Expect to see continued traction in the commercialization of Alzheimer’s drugs. With any new drug, providers will need to conduct a risk/benefit analysis with patients. Considerations will include potential improvement in dementia, side effects, access, cost and efficacy.

New approaches in diagnostics

New non-invasive testing methods are currently entering the market, with more on the horizon. These include a retinal scan, a cervical nerve biopsy for dementia with Lewy bodies, and a peripheral blood test for the most common form of dementia, Alzheimer’s disease. In new study, research confirmed the success of a non-invasive peripheral blood test to detect the presence of Alzheimer’s disease-related proteins in the brain. The test’s success represents a major advance in identifying alternatives to traditional diagnostics, including the aforementioned brain scans and spinal tap-based tests, which are expensive. Another blood test developed by Washington University of Medicine in St. Louis, provided a robust measure for detecting Alzheimer’s-related amyloid plaques, even among young patients not yet experiencing cognitive decline. This test may be useful in identifying individuals at risk of future dementia, allowing them to participate in clinical trials when early intervention has the greatest potential effect.

In the future, we can expect to see an increase in the clinical acceptance of non-invasive blood tests as a means of detecting Alzheimer’s, which will be critical in removing several institutional barriers, including cost, time and access to specialists. Early identification and diagnosis of dementia is a critical step in providing care, allowing more treatment options that increase independence, access to social support and more time to plan for the future with family.

Digitally enabled care is the future of telehealth

“Telehealth” has become an industry norm since the start of the pandemic, and is used as an umbrella term for everything from virtual doctor’s appointments to at-home testing kits. What is most important and impactful about telehealth is the technology’s ability to activate caring in new ways and improving accessibility. Specifically for cognitive health, digital assessment tools have made access to cognitive health monitoring more widely available without removing health care providers from the model of care, a common point of criticism in response to the DIY health economy.

In the coming year, we can expect to see continued development of digitally enabled care as healthcare organizations design workflows that incorporate innovative technologies that expand where and how care can be delivered. Technologies that enable clinicians to provide more personalized care without adding large time burdens or friction to their clinic workflows will truly move the needle. Within cognitive healthcare, Digitally Enabled Care (DEC) makes early screening for dementia and other cognitive impairments more accessible and convenient for patients. This will lead to more tests for those who need them and better characterization of patient populations.

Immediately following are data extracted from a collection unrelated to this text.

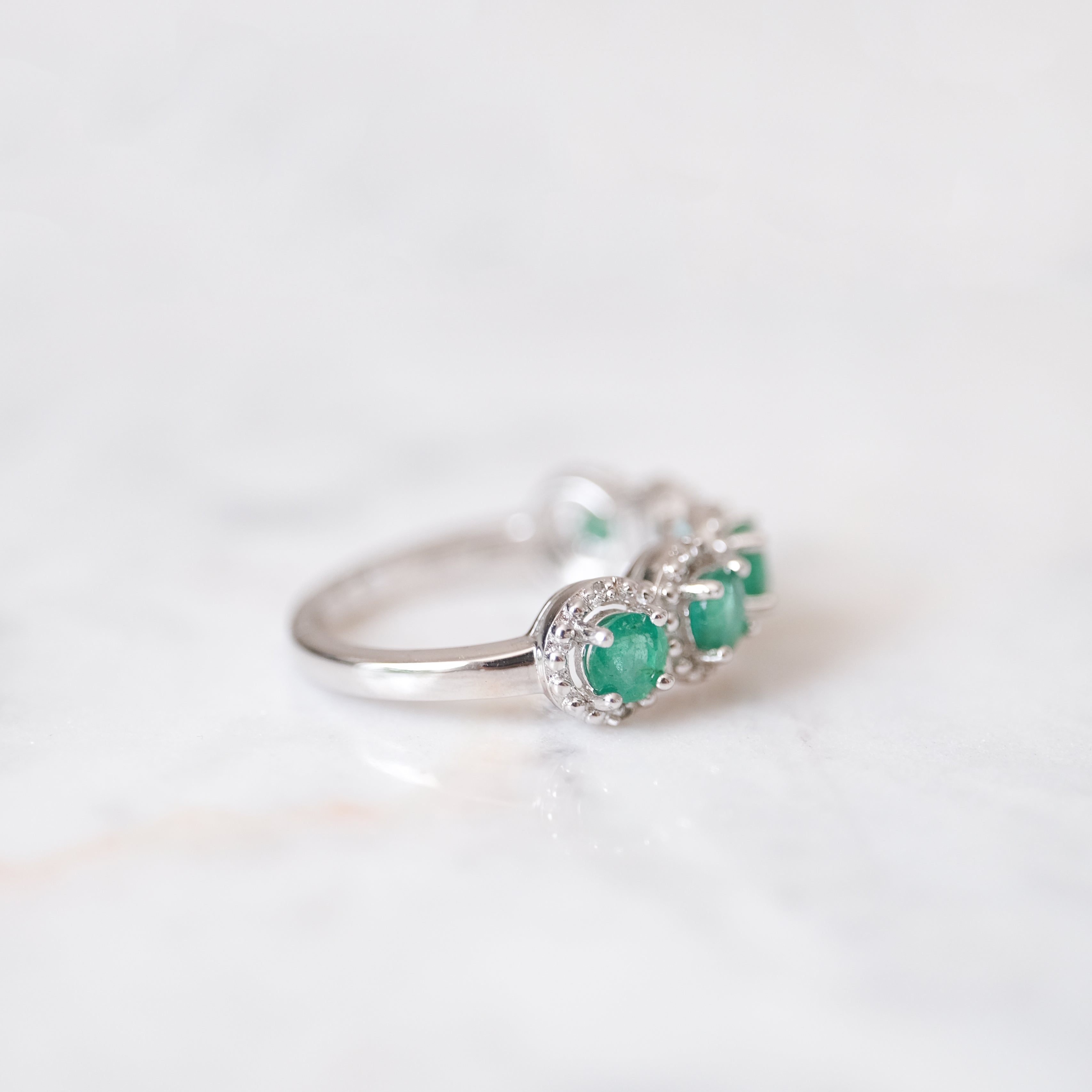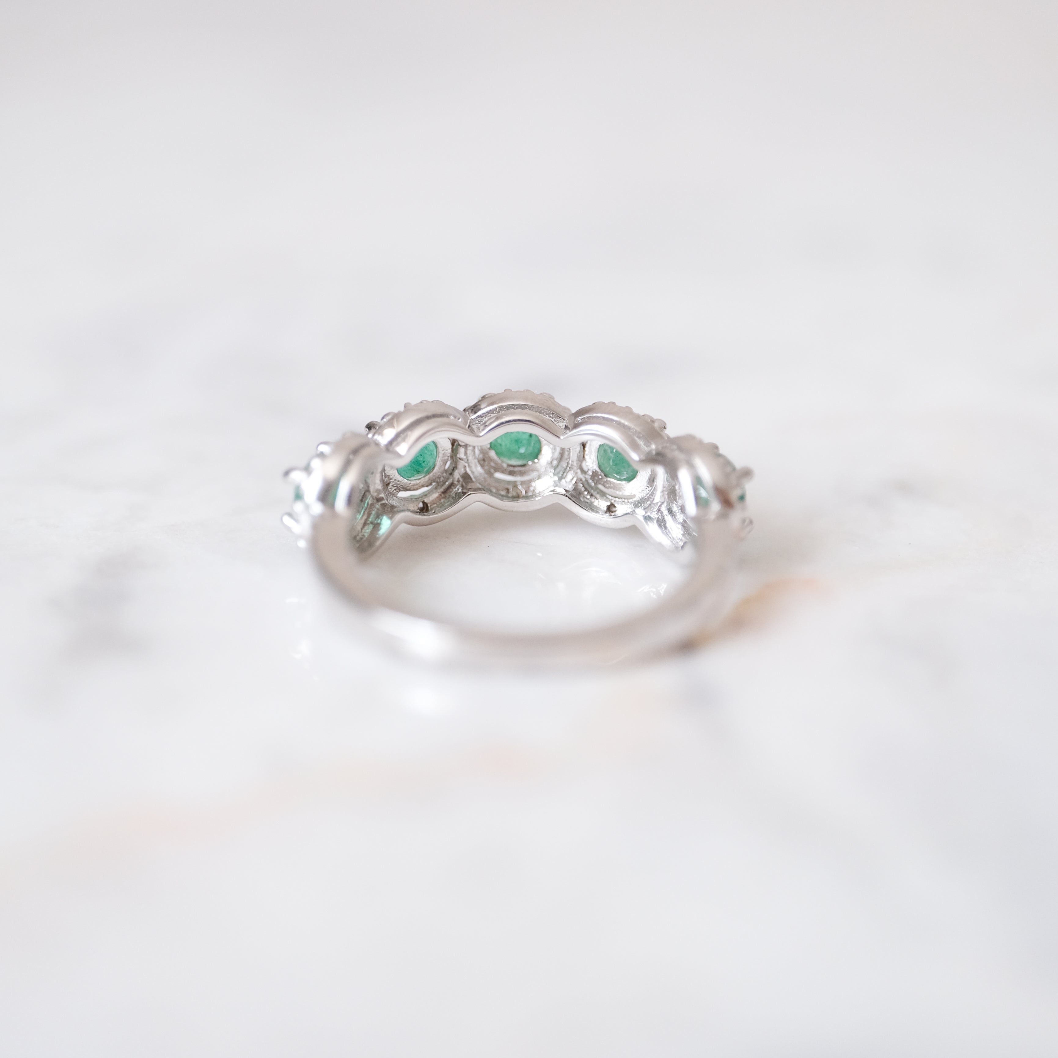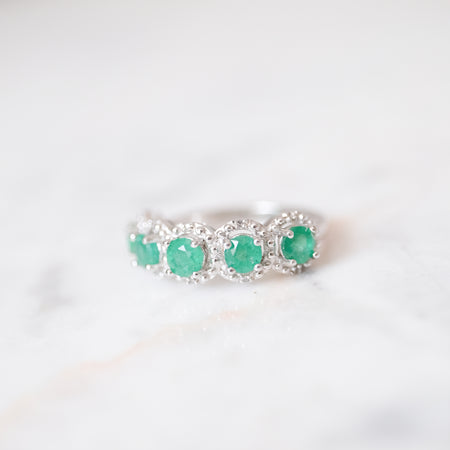 Anillo churumbela color esmeralda con 5 diamantes. Plata.
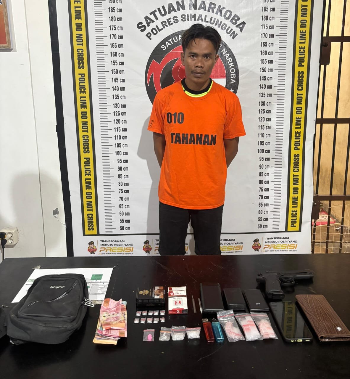 Simalungun | DelikSumut – Polres Simalungun berhasil mengungkap kasus peredaran narkoba di wilayah hukumnya dengan menangkap seorang tersangka berinisial EAAP beserta sejumlah barang bukti narkotika jenis sabu-sabu dan pil ekstasi. Penangkapan dilakukan pada Jumat, 16 Mei 2025, di sebuah rumah kosong milik Bapak Abdullah Malik Damanik di Huta VI Negeri Bayu, Nagori Negeri Bayu Muslimin, Kecamatan Tapian Dolok, Kabupaten Simalungun.
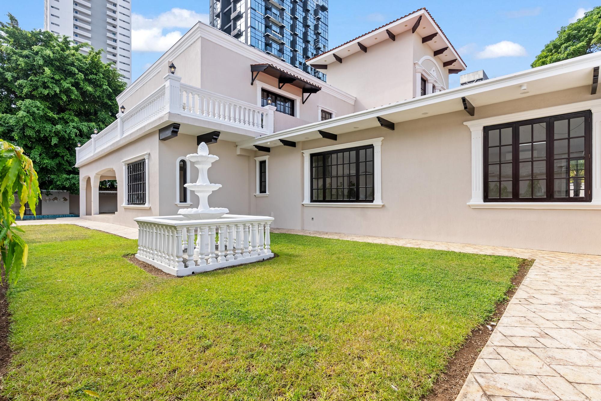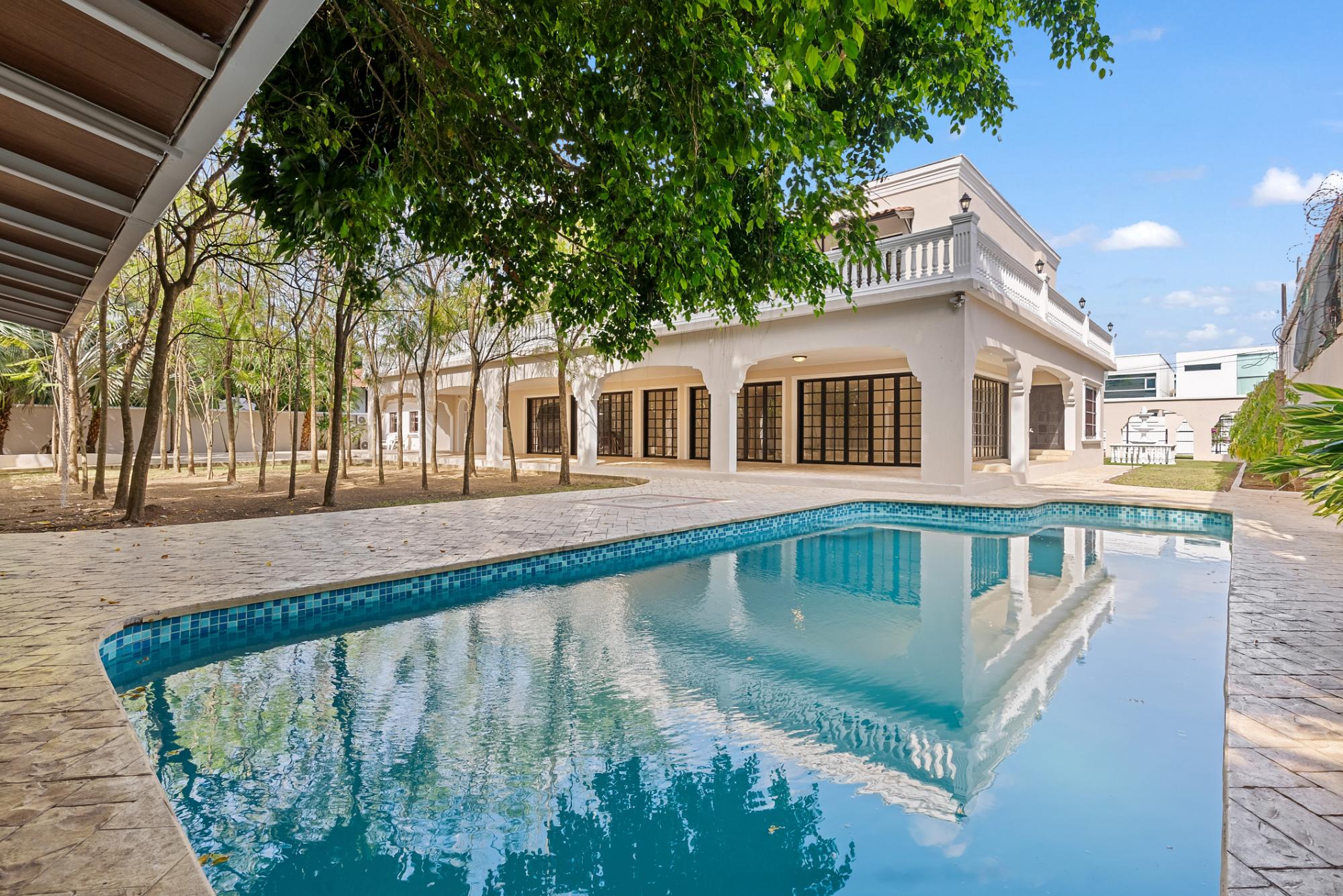 Sobre un terreno de 2,022 m² y una construcción de 936 m², la propiedad ofrece un diseño funcional y elegante: 4 recámaras, cada una con su baño privado y acceso directo a terraza. Gran sala, comedor formal, cocina abierta de estilo moderno, oficina privada, den familiar y cava. 2 baños de visita. Terraza techada, ideal para recepciones o eventos diplomáticos. Gran patio ajardinado con espacio para eventos sociales y piscina privada para el disfrute o entretenimiento de invitados. 5 estacionamientos internos. 2 casas de cuidadores, completamente independientes, con cocineta y baño privado. Lavandería y sistema de aires acondicionados tipo split.
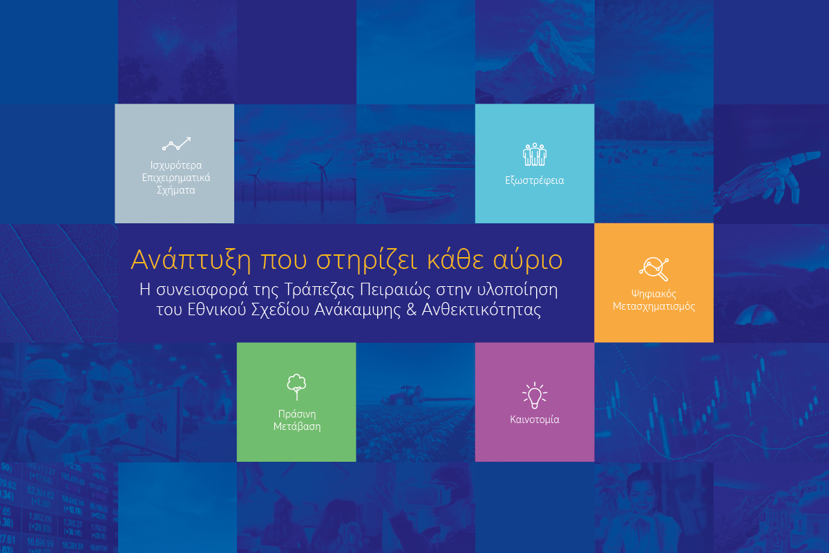 Προσανατολισμένη σταθερά στην πράσινη ανάπτυξη και ψηφιοποίηση, με έμφαση στην εξωστρέφεια, την καινοτομία και τη δημιουργία ισχυρότερων επιχειρηματικών σχημάτων, η Τράπεζα Πειραιώς είναι έτοιμη να συνδράμει τις επιχειρήσεις -πελάτες της να αποκτήσουν ανταγωνιστικό πλεονέκτημα, να επενδύσουν και να εξελιχθούν στο νέο περιβάλλον.
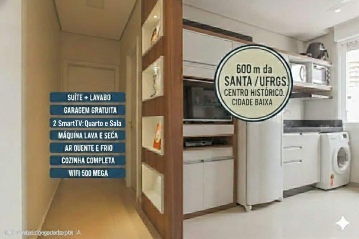 APTO C/ SUÍTE, LAVABO E GARAGEM A um passo do Centro Histórico, Cidade Baixa, UFRGS e Santa Casa (600m). Próximo a Tribunais e órgãos públicos. Fácil acesso a shoppings (1km), rodoviária (2km) e aeroporto (8km). Total conforto com Wi-Fi 100 Mega, Smart TV, Ar-Condicionado e Garagem segura inclusa (a 50m). Perfeito para turismo, trabalho ou saúde.
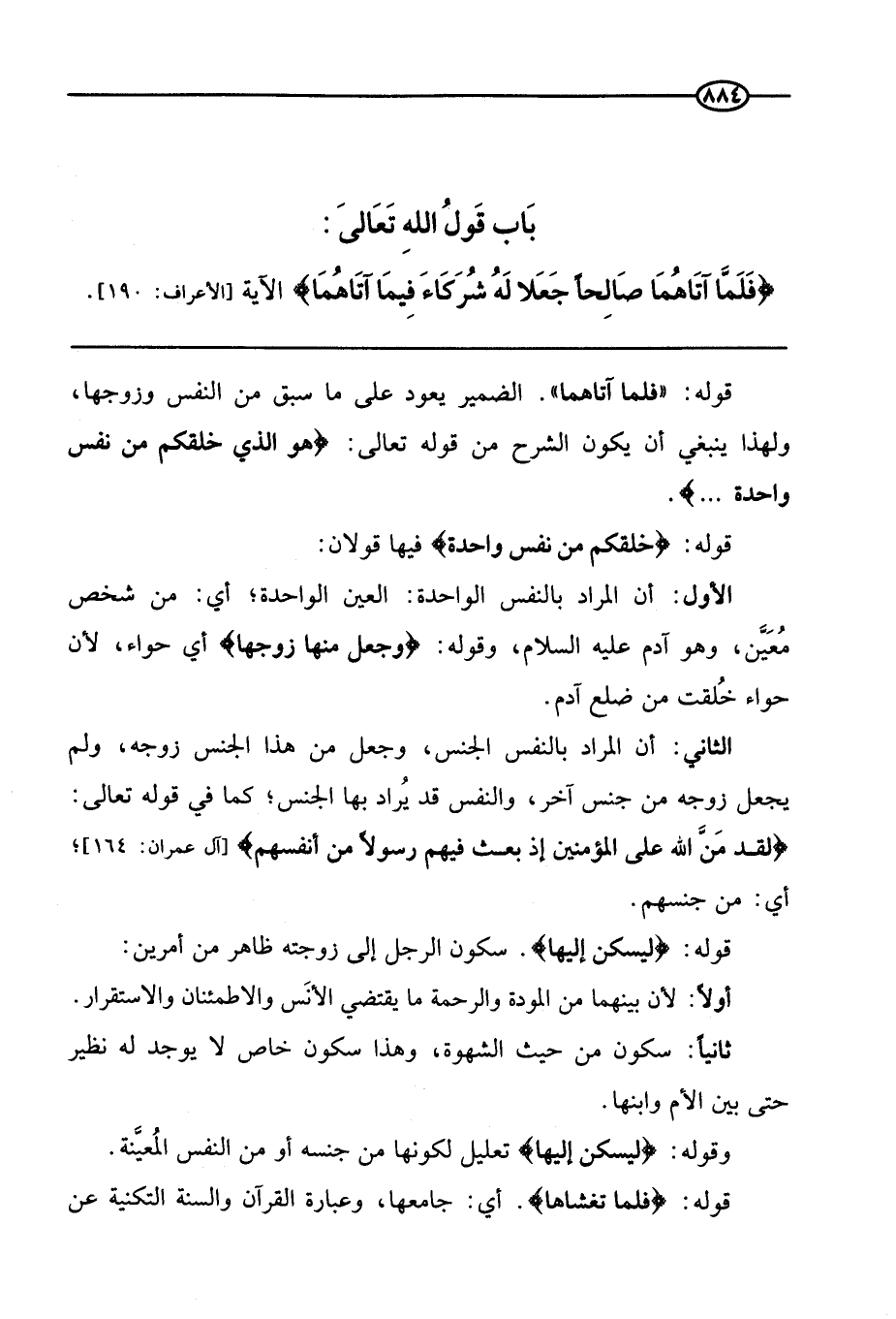 قوله: {فَلَمَّا آتَاهُمَا} . الضمير يعود على ما سبق من النفس وزوجها، ولهذا ينبغي أن يكون الشرح من قوله تعالى {هُوَ الَّذِي خَلَقَكُمْ مِنْ نَفْسٍ وَاحِدَةٍ} .
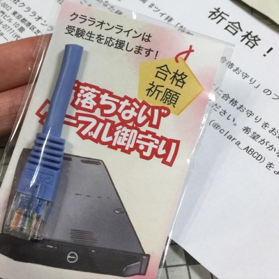本日、クララオンラインさんから TWITTER 合格祈願企画 #ツイ拝 「特製ケーブル合格お守り」 "落ちない"ケーブル御守り 届きました〜
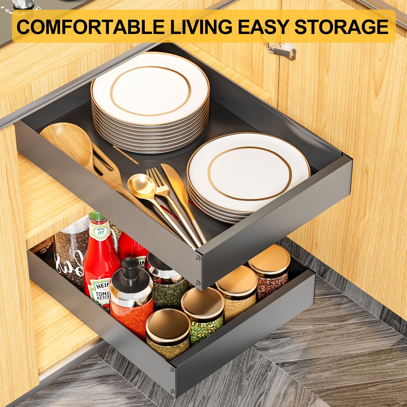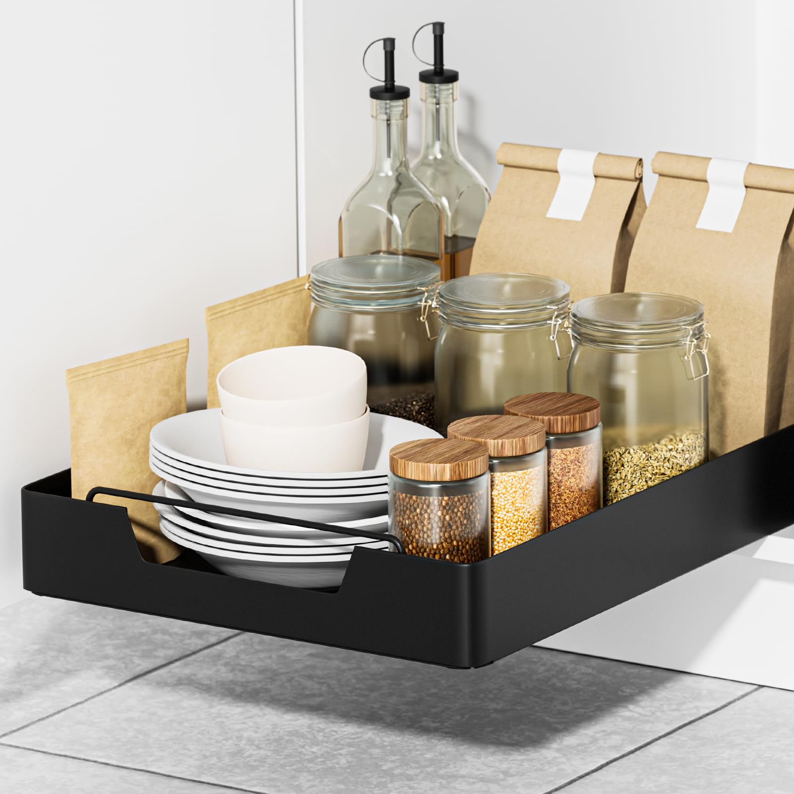 Hergestellt aus robustem Kohlenstoffstahl mit Pulverbeschichtung, hält die Schublade bis zu 30 kg aus. Die Schienen gleiten super geschmeidig und leise. Einfach messen, kleben und schon hast du mehr Ordnung im Schrank!

Currently, 60% of people living with dementia have not been formally diagnosed. Patients are typically referred to specialists for diagnostic workup, a process that can delay care for months, often leaving patients frustrated and undertreated. Digital cognitive assessment and clinical decision support tools enable primary care physicians to engage in the diagnostic process efficiently, confidently, and without adding friction to their existing workflows. As a result, expect routine cognitive health assessment to become the new standard of care for cognitive care at the point of care. In 2023, primary care providers will continue to build convenient and supportive workflows, incorporating technology and new tests to diagnose and treat dementia.

By 2050, the cost of dementia in the US alone could rise to $1.1 trillion annually. Now more than ever, it is critical to meet the needs of people and families living with dementia. Fortunately, new diagnostic and treatment discoveries are paving the way for significant progress.